▶ **WORK INSTRUCTION**
Within the entries below, please return exactly the lines from the one with "高中单词课堂 隐私政策 点击下载" through the one with "The distinct downside", leaving out any pictures.

▶ **SOURCE MATERIAL**

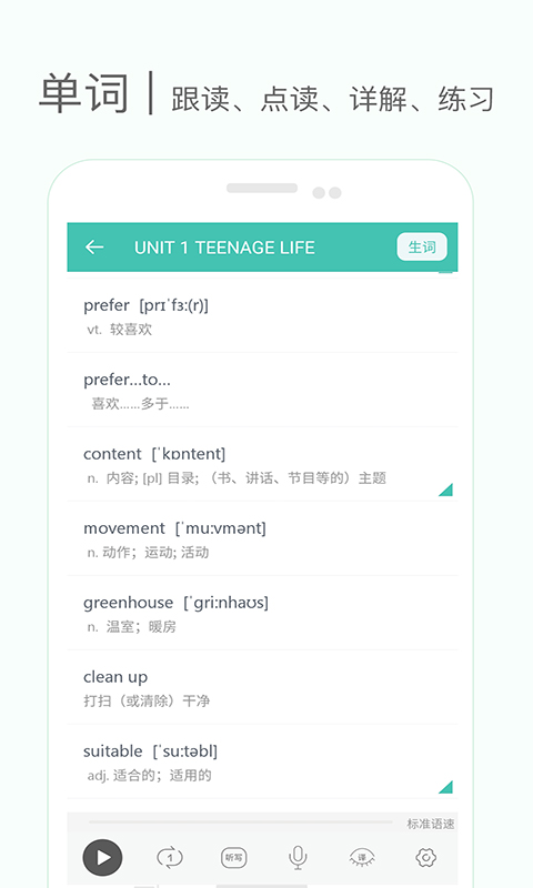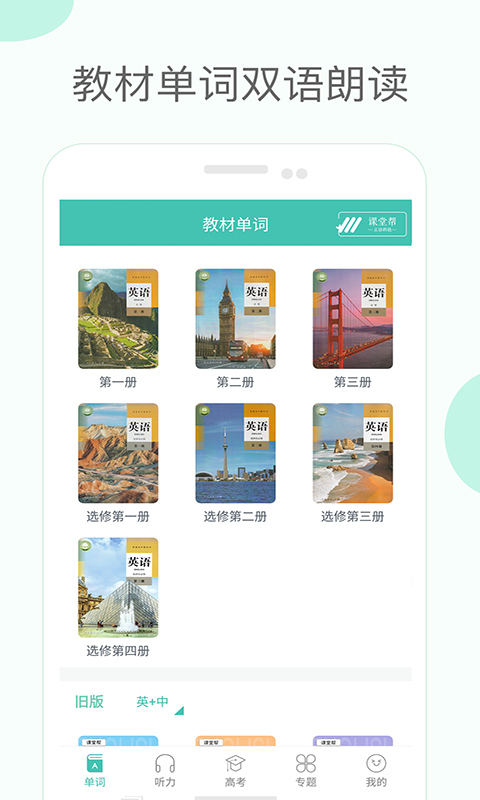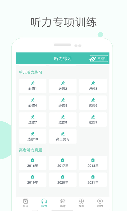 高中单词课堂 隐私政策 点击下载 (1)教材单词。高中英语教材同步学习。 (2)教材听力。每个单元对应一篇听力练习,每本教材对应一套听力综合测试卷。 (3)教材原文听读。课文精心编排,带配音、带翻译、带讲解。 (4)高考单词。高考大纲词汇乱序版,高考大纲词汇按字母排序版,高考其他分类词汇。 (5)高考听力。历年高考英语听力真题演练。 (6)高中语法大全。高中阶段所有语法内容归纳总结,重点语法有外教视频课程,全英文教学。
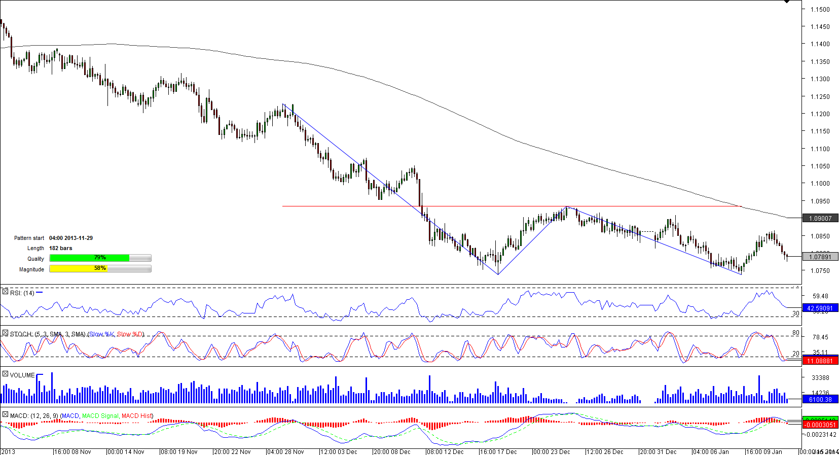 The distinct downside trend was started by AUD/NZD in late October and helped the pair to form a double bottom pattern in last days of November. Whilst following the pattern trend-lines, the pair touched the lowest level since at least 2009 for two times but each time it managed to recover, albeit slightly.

==

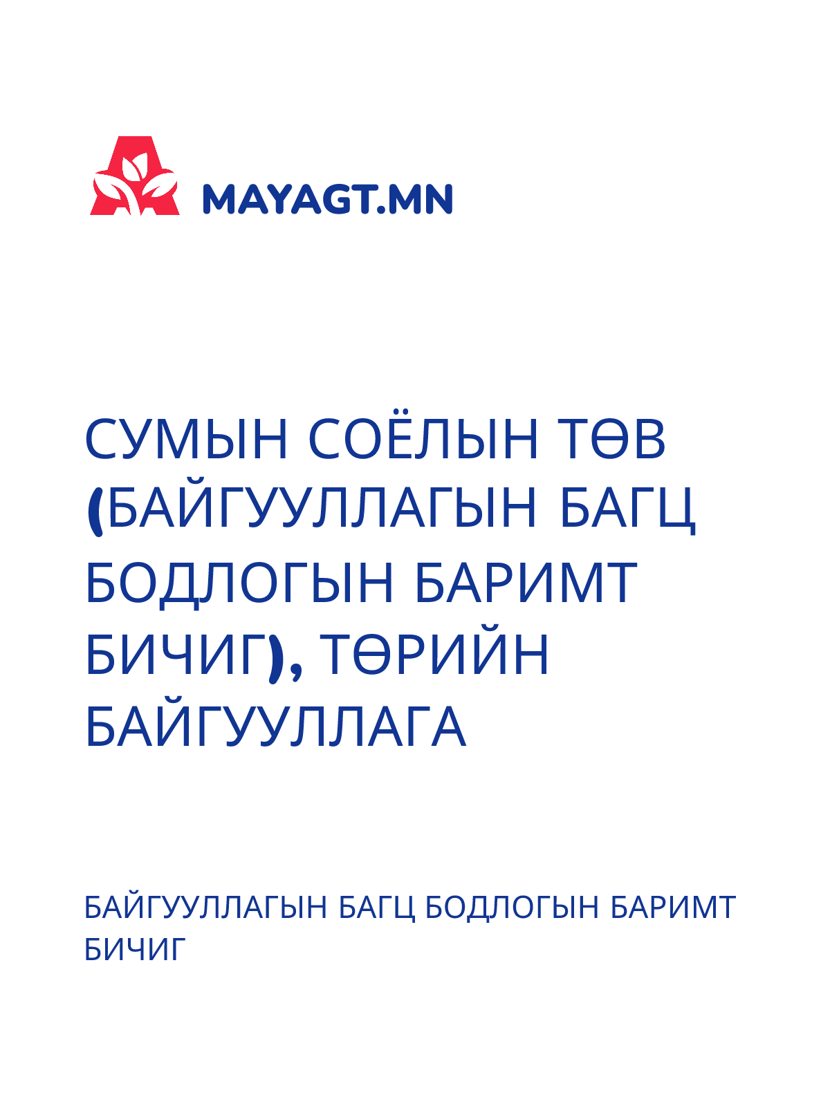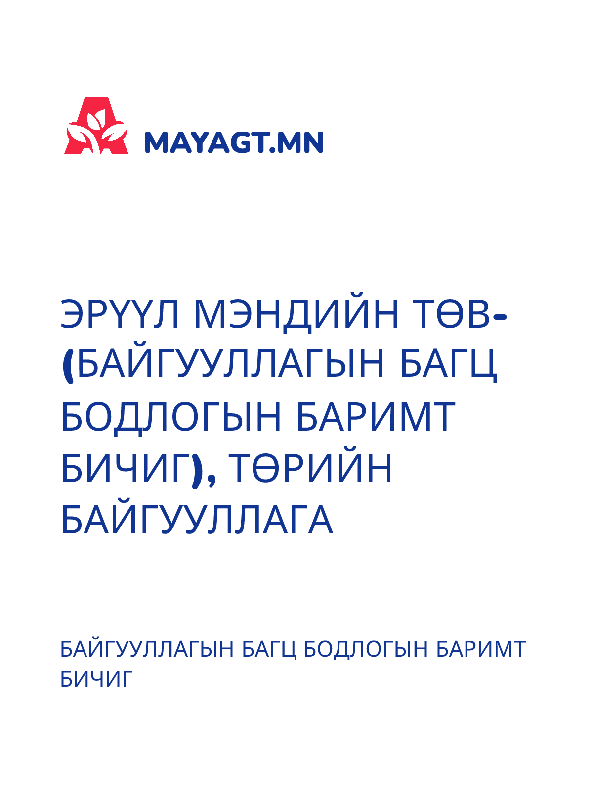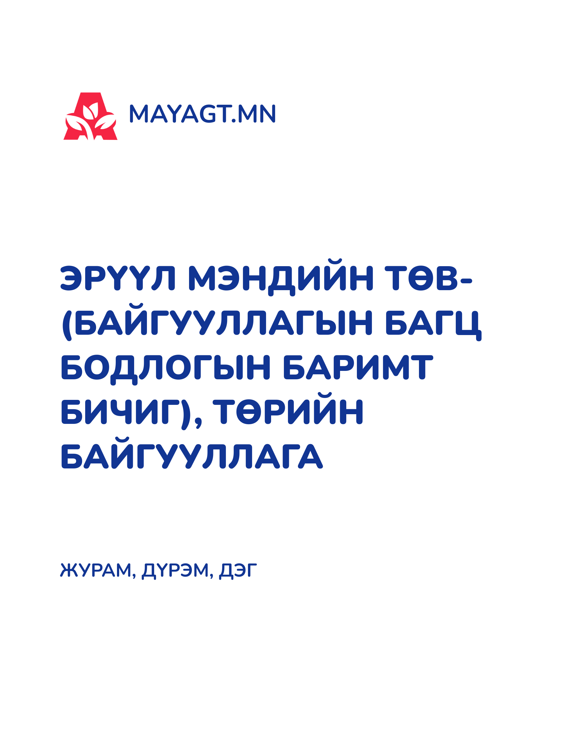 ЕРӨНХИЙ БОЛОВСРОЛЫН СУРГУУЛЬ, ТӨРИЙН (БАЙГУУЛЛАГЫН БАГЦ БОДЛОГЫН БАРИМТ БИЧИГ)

▶ **SOLUTION TO THIS EXERCISE**
 高中单词课堂 隐私政策 点击下载 (1)教材单词。高中英语教材同步学习。 (2)教材听力。每个单元对应一篇听力练习,每本教材对应一套听力综合测试卷。 (3)教材原文听读。课文精心编排,带配音、带翻译、带讲解。 (4)高考单词。高考大纲词汇乱序版,高考大纲词汇按字母排序版,高考其他分类词汇。 (5)高考听力。历年高考英语听力真题演练。 (6)高中语法大全。高中阶段所有语法内容归纳总结,重点语法有外教视频课程,全英文教学。
 The distinct downside trend was started by AUD/NZD in late October and helped the pair to form a double bottom pattern in last days of November. Whilst following the pattern trend-lines, the pair touched the lowest level since at least 2009 for two times but each time it managed to recover, albeit slightly.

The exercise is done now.